Вдалеке снова завыли сирены.

– Воют сирены, – сказал Бред.

Калвин Фидлер секунду прислушивался. Сирены смолкли. Он снова повернулся к Яше Джонсу.

– Как же она зовётся? – спросил он у него.

– Моим «я».

Калвин Фидлер снова брюзгливо помотал головой.

– Послушайте, если вы дни и ночи пытаетесь соизмерить несоизмеримое, вы мучительно жаждете того момента, когда, если перефразировать Библию, несоизмеримое обретёт соизмеримость. – Он требовательно наклонился к Яше. – А вы знаете, когда это бывает?

– Когда?

– В тот миг, когда обе несоизмеримости перестают существовать, но ещё не достигли несуществования. Скажите, мистер Джонс, ну да, вы, Яша Джонс, неужели даже при всей вашей малоопытности вы никогда не жаждали этого момента?

Глаза Калвина Фидлера сверкали. Он весь напрягся.

– Отвечайте же! – приказал он резко, вся его вежливость пропала.

Потом он овладел собой. Он казался смущённым, испуганным собственной грубостью.

– Извините, – сказал он. – Я чересчур разговорился. – Он снова помолчал. – Я ведь не разговаривать сюда пришёл.

И вдруг Бредуэлл Толливер расхохотался. Он затрясся от смеха, рот на погрубевшем лице, жёлтом от усталости и тошноты, был разинут, и оттуда вырывался смех. Он тыкал пальцем в Калвина Фидлера, но, превозмогая смех, говорил Яше Джонсу:

– А ведь всё сбылось, Яша, всё сбылось!

Калвин Фидлер уставился на него с неприязненным любопытством.

Но смех, вырывавшийся из горла с клёкотом, как кашель, не унимался.

– Ага, Яша Джонс, – с трудом выговаривал Бред, – вы отвергли мою разработку сценария, сказали, что неважно, как что-то происходит в жизни, – так ведь вы говорили? Ну а что вы теперь скажете, Яша Джонс? Ведь всё сбылось!

Яша Джонс молчал.

Его слова подхватил не он, а Калвин Фидлер; он повторил их для себя, словно стараясь их себе объяснить, голосом, в котором звучали и озадаченность, и возбуждение.

– Всё сбылось…

Потом с мучительным недоумением посмотрел на свою правую руку, державшую никелированный предмет. На секунду в темноте стихли даже июльские мухи.
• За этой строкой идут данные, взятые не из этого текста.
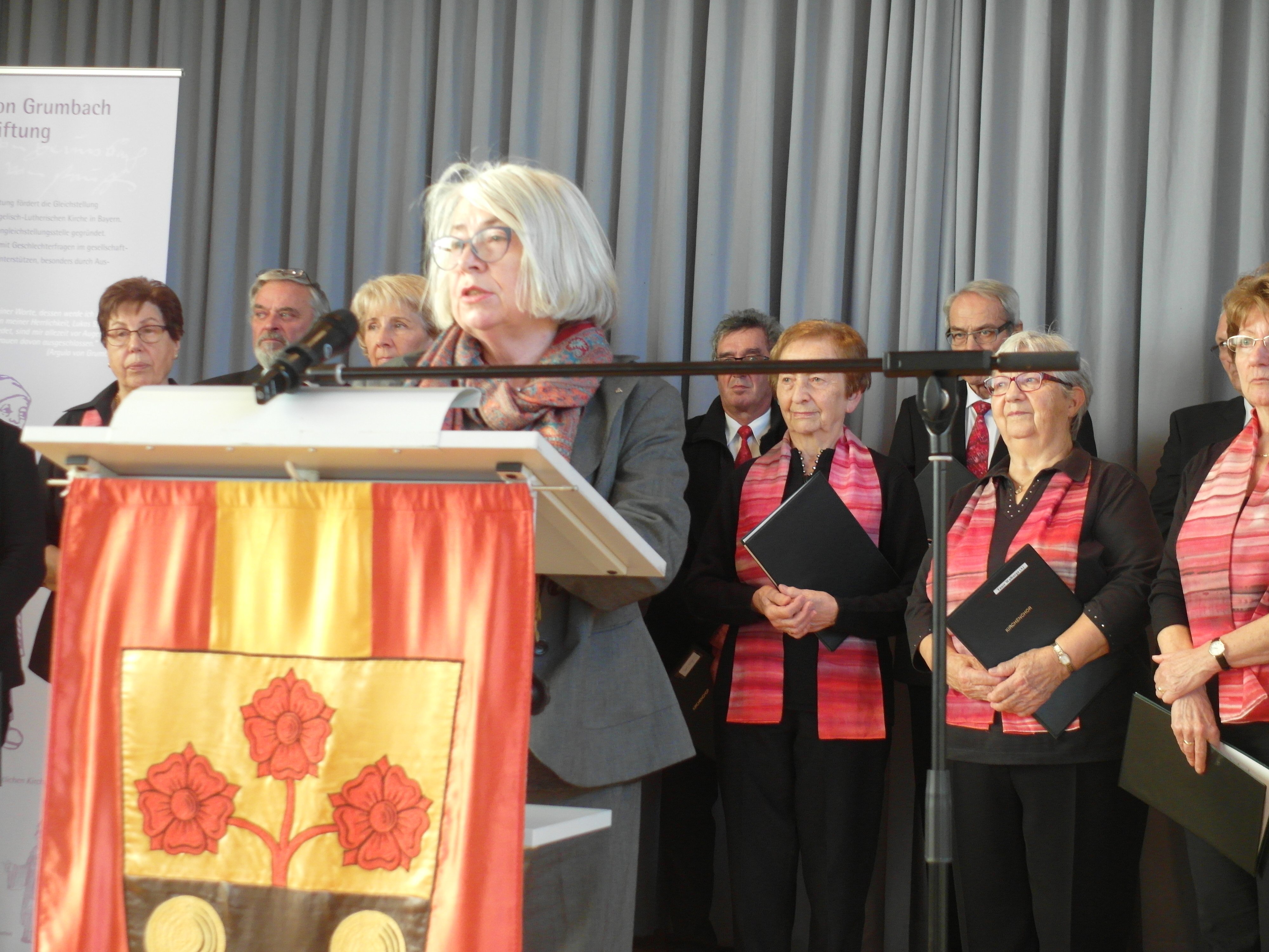 „Schade, Argula, dass Du nicht Mitglied bei uns im Deutschen Evangelischen Frauenbund bist!“, sprach die DEF Landesvorsitzende Inge Gehlert die Reformatorin direkt an. Denn ein solches Mitglied mit solchem Mut und Engagement in den eigenen Reihen zu haben, hätte dem Evangelischen Frauenbund gut angestanden. Erfreulich sei es, wenn die Landeskirche auch einmal an die Frauen und Frauenverbände denke und nicht nur die kirchlichen Herren und auch manchmal Damen zu Wort kämen. Gehlert sprach die „Frauenorte“ in Niedersachsen an, an denen an bedeutende Frauen erinnert wird. Es gebe zwar schon viele Denkmäler für Männer, aber an Frauen und ihr Wirken werde noch selten gedacht. Daher habe sich der DEF gerne an der Errichtung des Denkmals beteiligt. „Wir wünschen, dass dieses Denkmal eine Strahlkraft entfaltet und Frauen sich ein Beispiel an Argula von Grumbach nehmen und ebenfalls mutig und beredt für ihre Sache streiten.

Потом, вздёрнув голову, он выкрикнул:

– Да, да! Точно! Всё сбылось!

И, наклонившись к Яше, заговорил отрывисто, торопливо, хотя тон был тихий и доверительный:

– Да, мистер Джонс, там, наверху, когда я узнал про вас и Мэгги, вот тогда и сбылось то, что и должно было произойти. Я ведь это знал двадцать лет назад в то воскресное утро, когда ехал из Нашвилла в Фидлерсборо со всей это рухлядью, наваленной в машину, и раскрашенной жестяной корзинкой для бумаги, набитой всякой всячиной… – Он помолчал, как будто сбитый с толку, но потом просил: – Да откуда же вам это знать?

– Что? – тихо спросил Яша Джонс, слегка наклонясь вперёд.

– Хорошо! – воскликнул уже очень возбуждённо Калвин Фидлер. – Хорошо! Пусть всё и сбудется! Сейчас же! Сейчас!

Бредуэлл Толливер посмотрел вниз и увидел, что никелированный пистолет поднимается.

– Калвин! – окликнул он его как бы невзначай.

Калвин поглядел на него.

– Калвин, помнишь, когда мы были мальчишками, в моей комнате стояли «конструктор», чучела птиц и животных, помнишь?

Калвин Фидлер кивнул, хотя и не сразу.

– Так вот, помнишь, как я набивал чучело большого старого енота?

Калвин Фидлер кивнул.

– А на какую руку я тогда шваркнул тебе склизкие мозги того старого енота? – спросил Бред почти шёпотом, наклоняясь к нему ещё ближе.

Человек с изящным гребнем седых волос над серым лбом поглядел на свои руки – сначала на одну, потом на другую. Слегка повернул ладонь кверху и развёл пальцы. Никелированный пистолет лежал теперь на ладони.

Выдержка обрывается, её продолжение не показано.